The aim of this study was to assess the clinical value of five serum tumour markers, TPA, TPS, TAG 12, CA 15-3 and MCA, in the diagnosis of breast cancer. The serum values were measured in a prospective series of patients with breast cancer (n = 82) and benign breast disease (n = 25). The cut-off levels (90% specificity) determined for each test were 109.0 U/1 for TPA, 156.0 U/1 for TPS, 52.5 kU/1 cut-off level for TAG 12 and 24.9 kU/1 cut-off level for CA 15-3, and at the 12.0 kU/1 cut-off level for MCA. Using these cut-off levels the diagnostic sensitivity of the TPA test was 0.23, for the TPS test 0.15, 0.44 for the TAG 12 test, 0.13 for the CA 15-3 test and 0.10 for the MCA test in detecting breast cancer. When the cut-off levels were determined at 95th percentile level for each test, the cut-off level for TPA was 143.0 U/1, 279.0 U/1 cut-off level for TPS, 105.0 kU/1 cut-off level for TAG 12 and 36.7 kU/1 cut-off level for CA 15.3, and at the 15.3 kU/1 cut-off level for MCA. Using these cut-off levels the diagnostic sensitivity of the TPA test was 0.12, 0.01 for the TPS test, 0.06 for the TAG 12 test, 0.06 for the CA 15-3 test and 0.06 for the MCA test in detecting breast cancer. The correlation coefficients in breast cancer patients between TPA and TPS measurements was 0.82, between TPA and TAG 12 measurements it was 0.09, between TPA and CA 15-3 measurements it was 0.08, and 0.11 between TPA and MCA measurements. None of the serum markers studied were significant predictors in breast cancer diagnosis in a logistic regression analysis or in the discriminant analysis. Thus it seems that TPA, TPS, TAG 12, CA 15-3 and MCA have only limited value in breast cancer diagnosis, but their role in the follow-up and prediction of prognosis of breast cancer patients is a subject for further investigation.

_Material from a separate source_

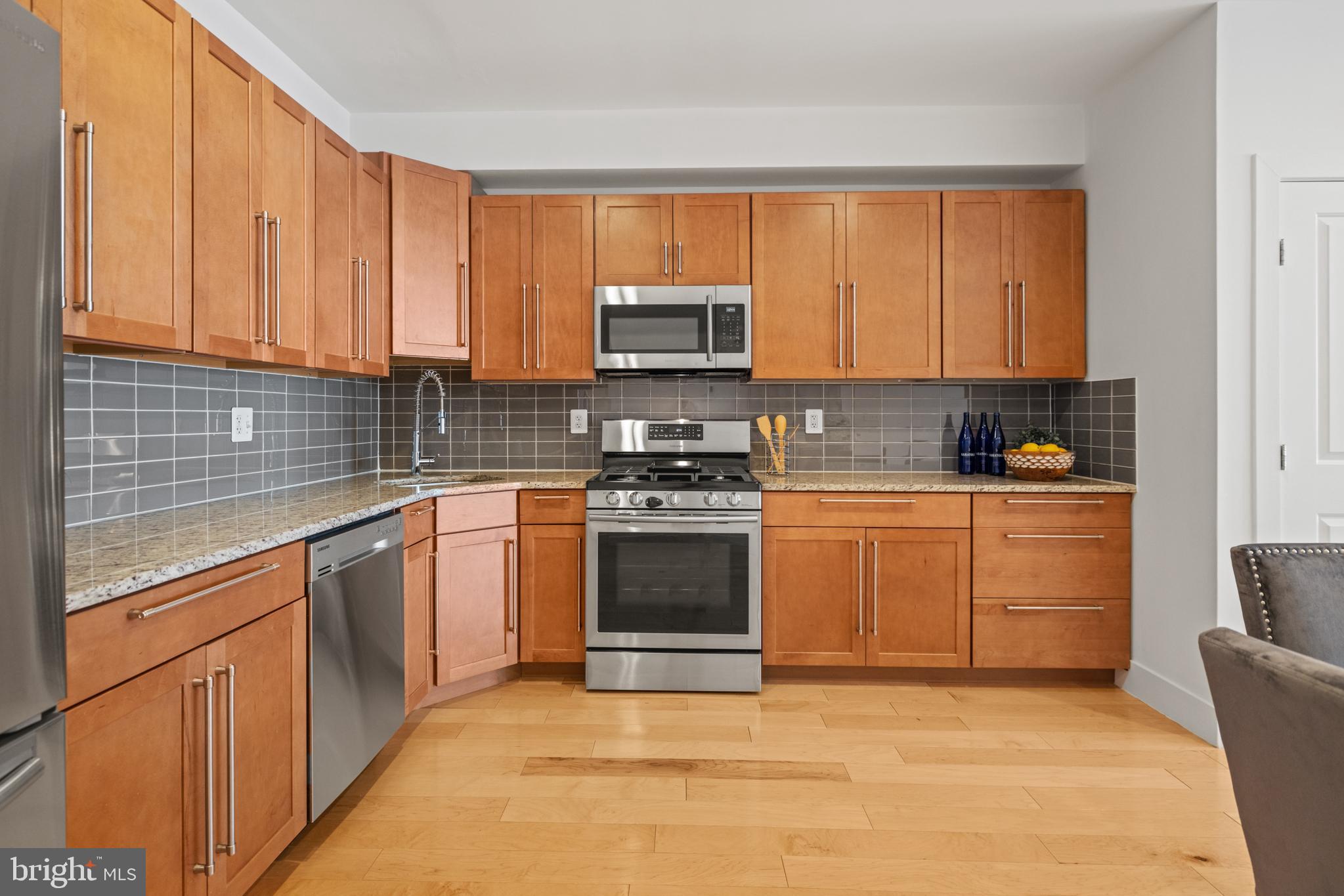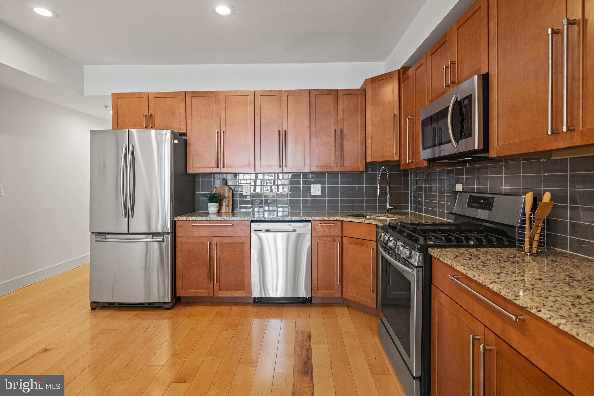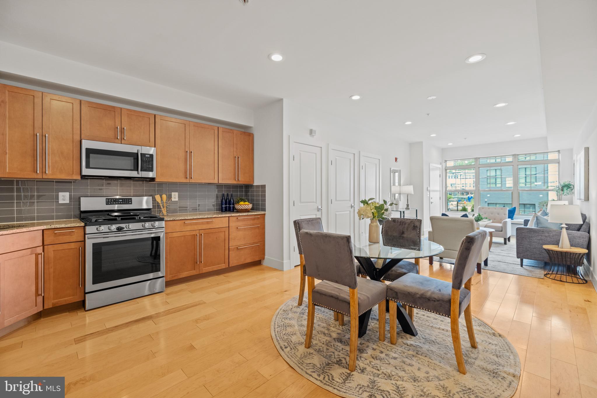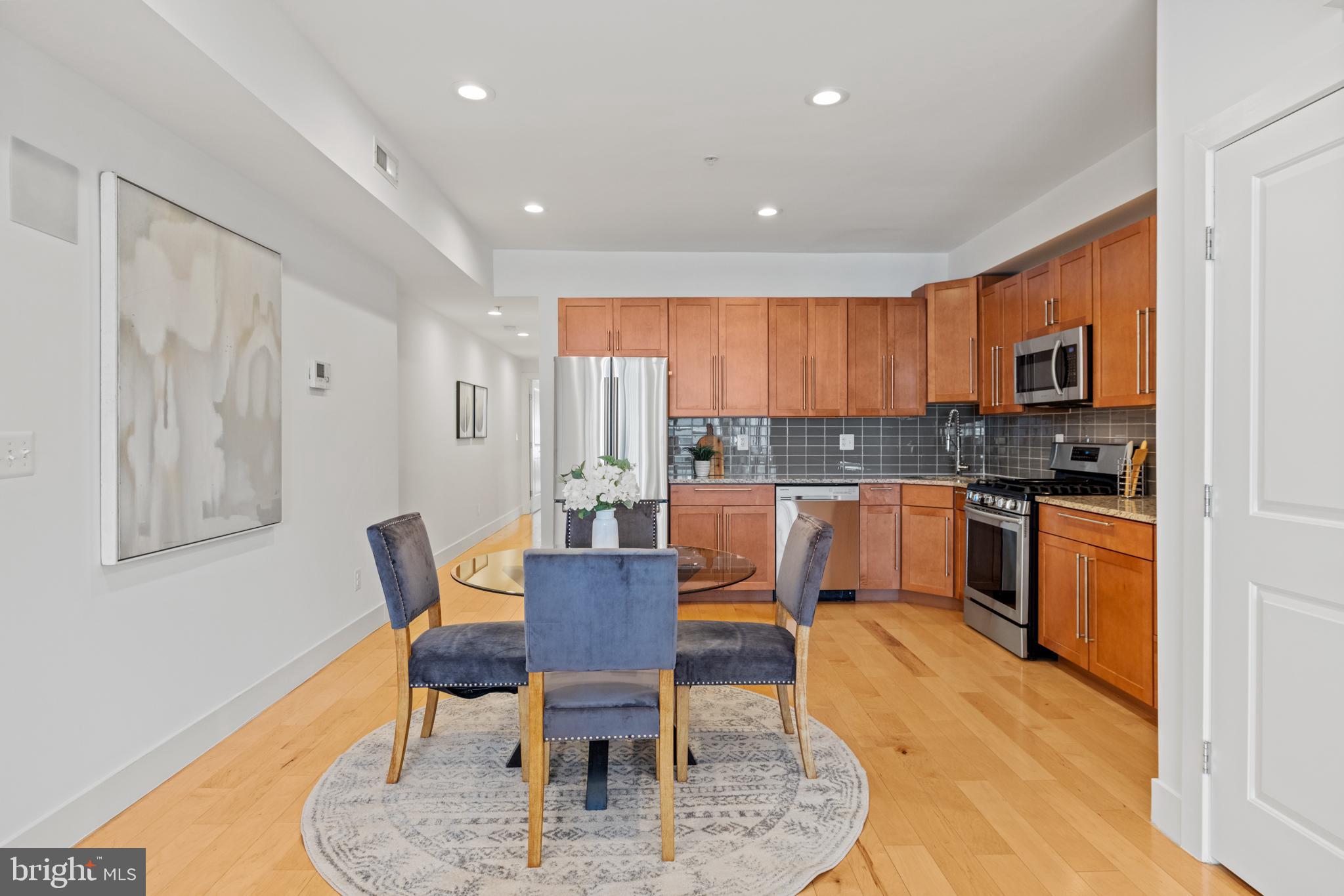 Welcoming to this shining Petworth Condo in the enclave of Brightwood Place. 2 Bed | 2 Bath | 1 Secure Parking l 1,050 Sf | Renovated in 2016, the low-rise building consists of 4 units maintaining a quiet and convenient lifestyle. Step inside and you are greeted by the sun-soaked living area, hardwood floors, and recessed lighting. The spacious living room seamlessly flows into the dining area and kitchen. Storage is abundant is this condo with a large pantry and separate coat closet. The kitchen has hardwood cabinetry, granite countertops, ceramic subway title backsplash, stainless steel appliances, and a gas range. The bedrooms are both generously sized, and the primary features a large walk-in closet. Both bathrooms have oversized soaking tubs and modern large format tiles. There is one assigned parking space with secure garage door entry and direct access to the unit.

本研究旨在评估5种血清肿瘤标志物,即组织多肽抗原(TPA)、组织多肽特异性抗原(TPS)、肿瘤相关糖蛋白12(TAG 12)、糖类抗原15-3(CA 15-3)和巨噬细胞集落刺激因子(MCA)在乳腺癌诊断中的临床价值。对一系列前瞻性乳腺癌患者(n = 82)和乳腺良性疾病患者(n = 25)进行了血清值检测。各检测项目确定的临界值(特异性为90%)分别为:TPA为109.0 U/1,TPS为156.0 U/1,TAG 12为52.5 kU/1,CA 15-3为24.9 kU/1,MCA为12.0 kU/1。采用这些临界值,TPA检测在检测乳腺癌时的诊断敏感性为0.23,TPS检测为0.15,TAG 12检测为0.44,CA 15-3检测为0.13,MCA检测为0.10。当各检测项目的临界值确定为第95百分位数时,TPA的临界值为143.0 U/1,TPS为279.0 U/1,TAG 12为105.0 kU/1,CA 15.3为36.7 kU/1,MCA为15.3 kU/1。采用这些临界值,TPA检测在检测乳腺癌时的诊断敏感性为0.12,TPS检测为0.01,TAG 12检测为0.06,CA 15-3检测为0.06,MCA检测为0.06。在乳腺癌患者中,TPA与TPS测量值之间的相关系数为0.82,TPA与TAG 12测量值之间为0.09,TPA与CA 15-3测量值之间为0.08,TPA与MCA测量值之间为0.11。在逻辑回归分析或判别分析中,所研究的血清标志物均不是乳腺癌诊断的显著预测指标。因此,TPA、TPS、TAG 12、CA 15-3和MCA在乳腺癌诊断中的价值似乎有限,但其在乳腺癌患者随访和预后预测中的作用有待进一步研究。